The race condition described in #2337 (comment) is fixed in #2271, however based on #2271 (comment) the Reactor refactoring in #2279 may be the preferred fix to this issue.

This issue has since been resolved by #2377

#2271 also contains an additional fix for another race-condition edge case that can occur on force-shutdown- if you have a short force_shutdown_after configured, that fix might help with some remaining connection errors. In any case, it wouldn't hurt to try if you can reproduce the issue consistently.

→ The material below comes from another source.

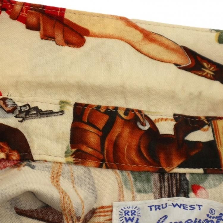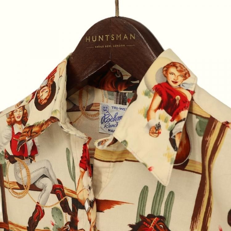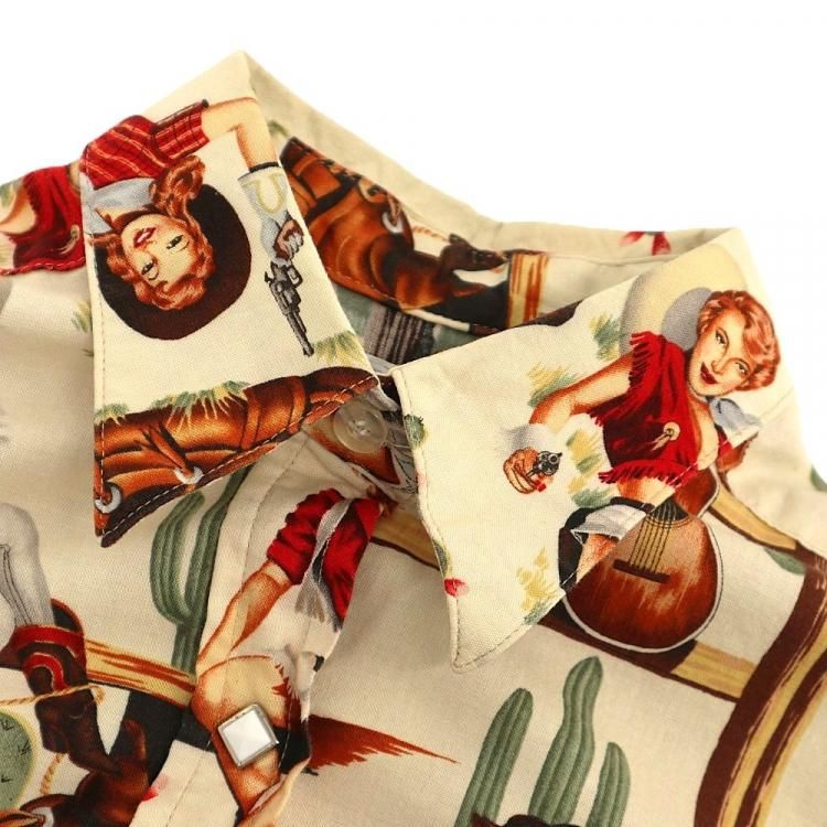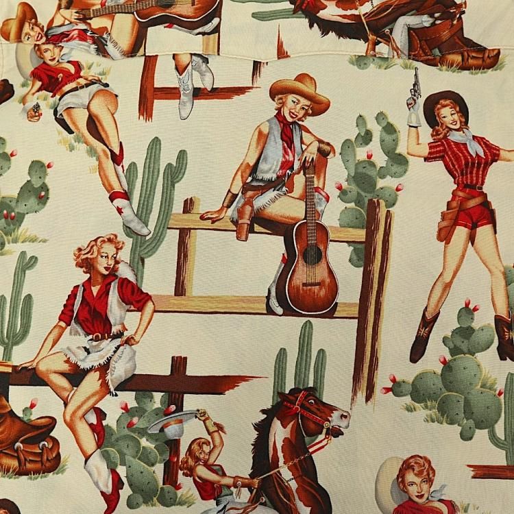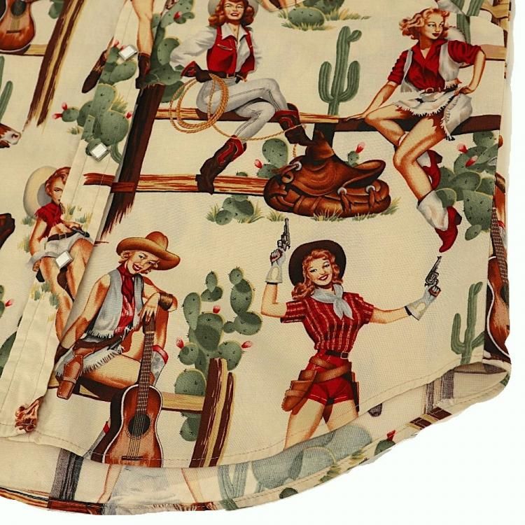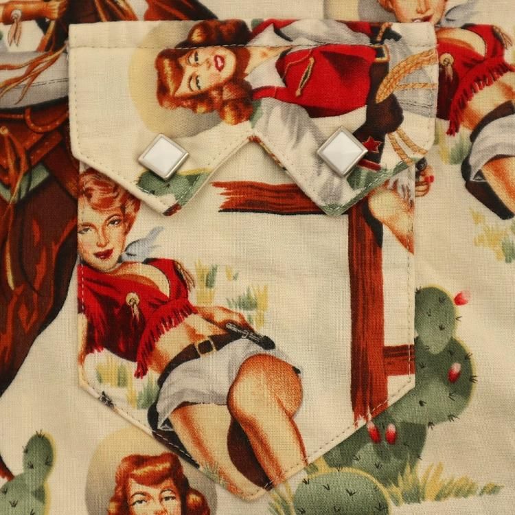 コメント:ロックマウントのウエスタンシャツです。 ピンナップガール風のカウガールが可愛いプリント。 ウエスタンのアイテムでコーディネートするのもよし、普段着としてジーンズなんかと合わせるもよし。

This is good to know! I haven't done a lot of testing myself with the force_shutdown_after option. Of course, if force_shutdown_after is enabled, we expect some kinds of errors to be visible from the client's perspective in some cases. But I can experiment with a short force_shutdown_after and see what impact it has.

[volodymyr-mykhailyk]

Just tested the 5.0 puma in our setup. I can confirm that the Unable to add work while shutting down error is not reproducible anymore. And overall - I can see much fewer errors related to the shutdown (unprocessed requests in sockets).

Big thanks to all Puma contributors for your hard work.

[volodymyr-mykhailyk]

Worth to mention one interesting finding I've seen while testing queue_requests in the setup Nginx + multiple Puma instances.

The below graphs show response time when there are more requests then puma can handle (4 pods with 4 threads each, request that take 1 second, 18 requests per second). Spikes at the beginning is rolling deploy effect.

Queue requests enabled:

Queue requests disabled:

I think disabling queue - is still the way to go in setup if there is Nginx in front and you have longer requests. It produces more predictable results, prevents overload of any particular instance (taking too much requests puma will not be able to handle in grace shutdown period), and allows to balance the load evenly across puma instances.

[cjlarose]

Just a quick update: #2279 seems to improved things generally with regard to connection handling during phased restarts, hot restarts, and shutdowns.

I opened #2417 to add an integration test that'll hopefully prevent regressions related to these kinds of failures.

I'm not ready to declare this issue closed quite yet (I still want to do a little more testing), but things are looking really good.

[cjlarose]

#2423 is merged. It adds integration tests to both single-mode and cluster-mode puma to help prevent the kinds of concurrency errors that were causing connections to be dropped during hot restarts, phased restarts, and shutdowns.

From my testing, I think #2279 fixed some of the last problems. That fix isn't in a release of puma yet, but I'd expect it to be soon.

I think we can close this issue for now. If another, more specific issue crops up, we can open a new issue.